Moving forward, an increase in legislation against methyl tertiary-butyl ether (MTBE) will have a significant impact on the butadiene and crude C4 markets in the coming years. MTBE has already been banned in California, New York and Connecticut and a national ban is not out of the question. As a result of the legislation, all of the on-purpose MTBE production in North America has been idled while refinery based production of MTBE is believed to be easing back.
Traditionally, the main source of crude C4, especially spot crude C4, has been Europe. The European alternative for crude C4 is to recycle it in their steam crackers, thereby backing out naphtha. So the European value for crude C4 is a factor on naphtha, with the factor typically being less than one. “That value plus freight and loading/unloading fees, set the delivered offer to sell crude C4 into the US,” says Mr. Eiserloh. In the US, he notes, the price that extraction unit operators would be willing to pay for crude C4 on a delivered basis was based on the butadiene value and the Raff-1 value where the value of the Raff-1 is calculated from its components.
“In the past, the Raff-1 value has been based on the value of its components with isobutylene going to MTBE, normal butylenes going to alkylation and butane or fuel value for the remaining components,” says MR. Eiserloh. Usually, the value of the Raff-1 is quoted as a percentage of unleaded regular gasoline because to calculate the price based on each separate component would be cumbersome.

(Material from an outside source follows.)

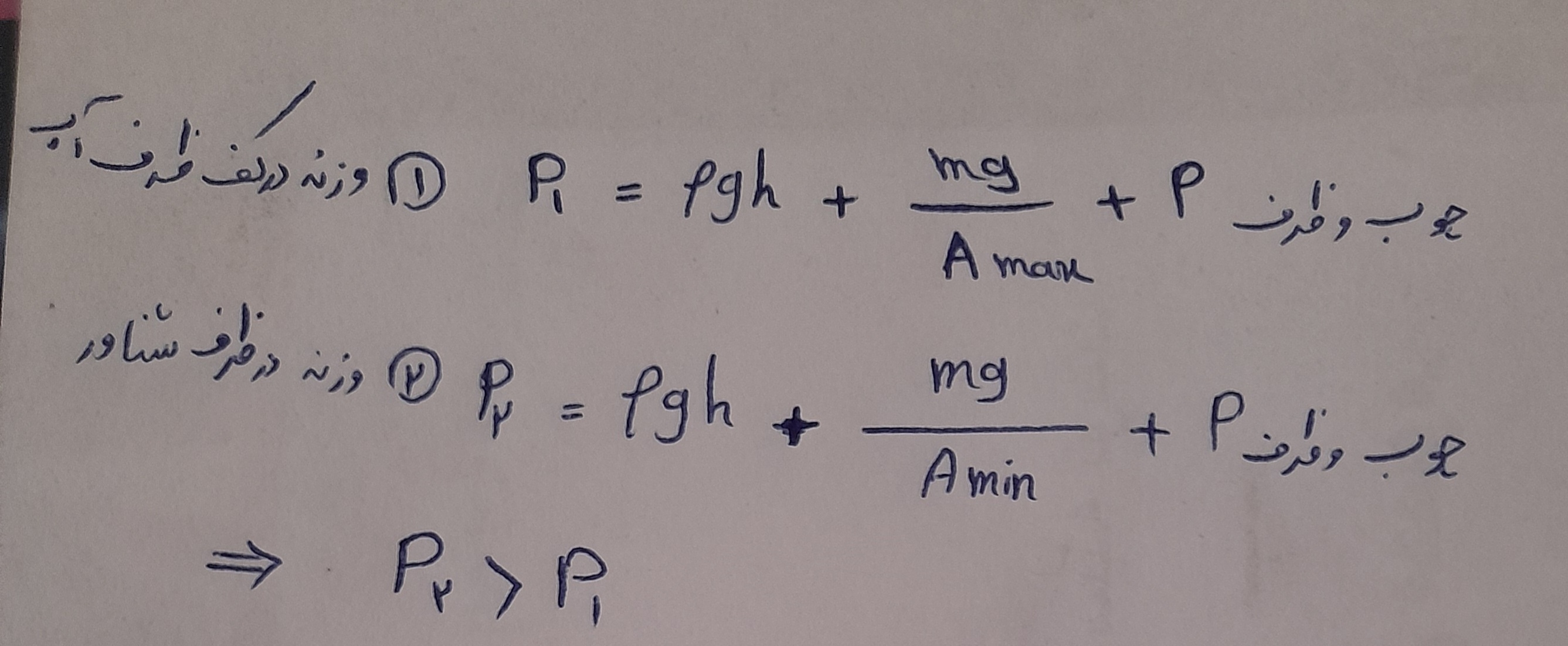 سلام وقت بخیر من قسمت اول سوالو نفهمیدم...مگه فشار به مساحت سطح مقطع بستگی نداشت و نمیگفتیم هرچی مساحت کمتر فشار بیشتر؟ از

With the quick exit from MTBE production, extraction operators are now scrambling to redefine their purchase economics. With MTBE no longer a viable alternative for isobutylene, it has been necessary to move isobutylene to its next alternative, which is alkylation. However, Mr. Eiserloh notes, this results in a value for the Raff-1 that is less than if the isobutylene had been valued to MTBE. “Simply put, Raff-1 has lost 20 percent of its value as a result of the quick disengagement of MTBE production, and that is a lotof value reduction,” he says.

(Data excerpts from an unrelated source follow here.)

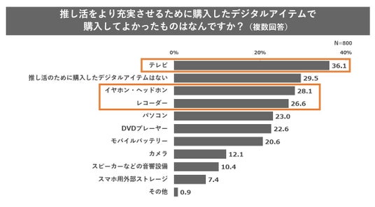 続いて、推し活をより充実させるために購入したデジタルアイテムで買ってよかったものを聞いたところ、1位は「テレビ」で36.1%、次いで「イヤホン・ヘッドホン」が28.1%、「レコーダー」が26.6%と続きました。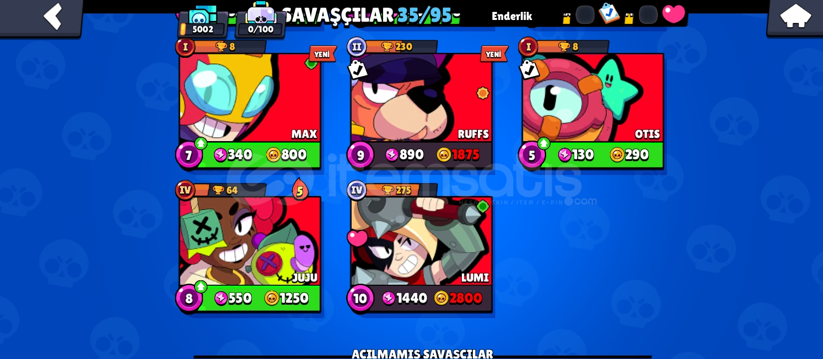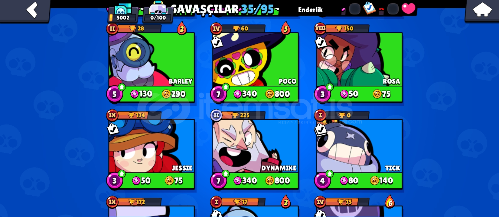 Hesap 5000 kupadırHesapta 1415 altın bulunmaktadırHesapta 1740 Güç puanı bulunmaktadırHesapta 53 Yeşil TAŞ bulunmaktadırHesaptaki çoğu karakter'de kostüm bulunmaktadır
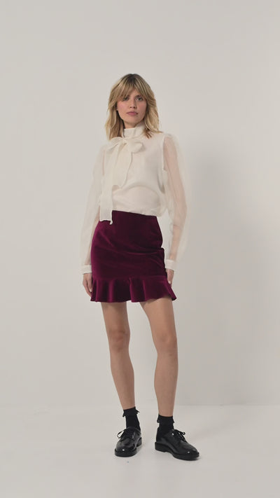 KREMOWA JEDWABNA KOSZULA ARDORE Z SZARFĄ

In the past, both the butadiene and isobutylene represented upgrades over naphtha plus freight for European crude C4 exporters. Thus, 60 to 70 percent of the crude C4 stream was at an upgrade. “Now, with isobutylene moving to alkylation-based value, only thebutadiene portion of the stream repre-sents an upgrade,” says Mr. Eiserloh. The butadiene component of a crude C4 stream is typically 40 to 50 percent. “This means that to make the export profitable, butadiene must carry the freight burden alone rather than share it with isobutylene,” he adds.
In addition, trans-Atlantic freight costs have increased by at least 20 to 30 percent for spot shipments, which means that crude C4 shipments to the US have fallen off substantially since their peak in 2002.